Avocat : CABINET CENTAURE AVOCATS

30 janvier 2026• Reconduite à la frontière
TA59Décision• Excès de pouvoir

Tribunal Administratif de Lille — N° TA59-2512767

Le Tribunal Administratif de Lille a annulé l'arrêté du 19 décembre 2025 par lequel le préfet du Nord obligeait M. B... à quitter le territoire français sans délai, fixait le pays de destination et prononçait une interdiction de retour de deux ans. La juridiction a estimé que la décision était entachée d'un défaut d'examen sérieux de la situation personnelle de l'intéressé, qui avait déposé une demande de titre de séjour sur le fondement de l'article L. 422-10 du code de l'entrée et du séjour des étrangers et du droit d'asile avant l'édiction de l'arrêté. En conséquence, le tribunal a enjoint au préfet de réexaminer la situation de M. B... dans un délai d'un mois et de lui délivrer une autorisation provisoire de séjour avec autorisation de travail dans l'attente. La solution retenue s'appuie sur les articles L. 611-1 et L. 422-10 du code de l'entrée et du séjour des étrangers et du droit d'asile, ainsi que sur le principe général du droit d'être entendu.

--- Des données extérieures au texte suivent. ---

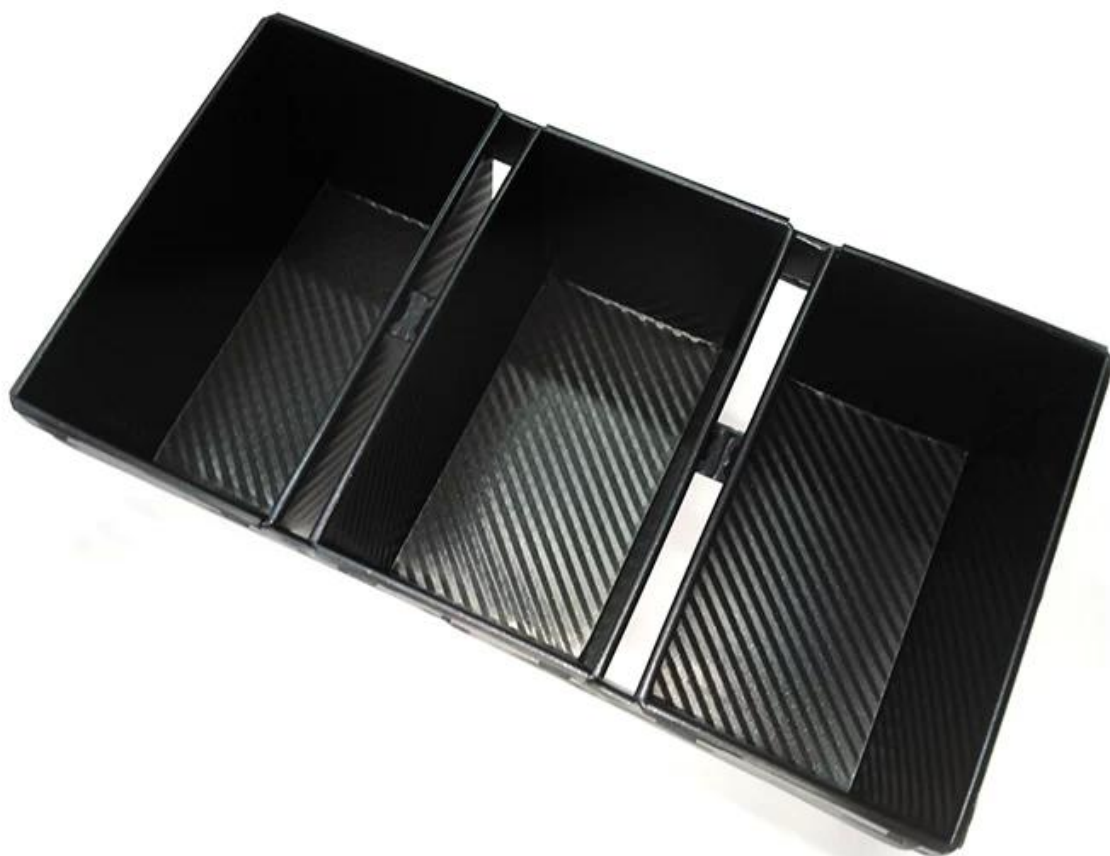
Immagine del prodotto per set di padelle per pane a 3 cinghie in acciaio alluminato

Avocat : CABINET CENTAURE AVOCATS

30 janvier 2026• Reconduite à la frontière
TA59Décision• Excès de pouvoir

Tribunal Administratif de Lille — N° TA59-2600017

Le Tribunal Administratif de Lille a examiné la requête de Mme A... contestant l'arrêté du préfet du Nord du 29 décembre 2025 ordonnant son transfert aux autorités espagnoles (responsables de sa demande d'asile) et son assignation à résidence. La requérante invoquait notamment la méconnaissance des articles 4, 5 et 17 du règlement (UE) n° 604/2013 (Dublin III) en raison de son état de santé et de son intégration en France. Le tribunal a rejeté l'ensemble des moyens, considérant que la décision de transfert était légale et que l'assignation à résidence n'était ni disproportionnée ni entachée d'erreur manifeste d'appréciation. En conséquence, la demande d'annulation de l'arrêté préfectoral a été rejetée.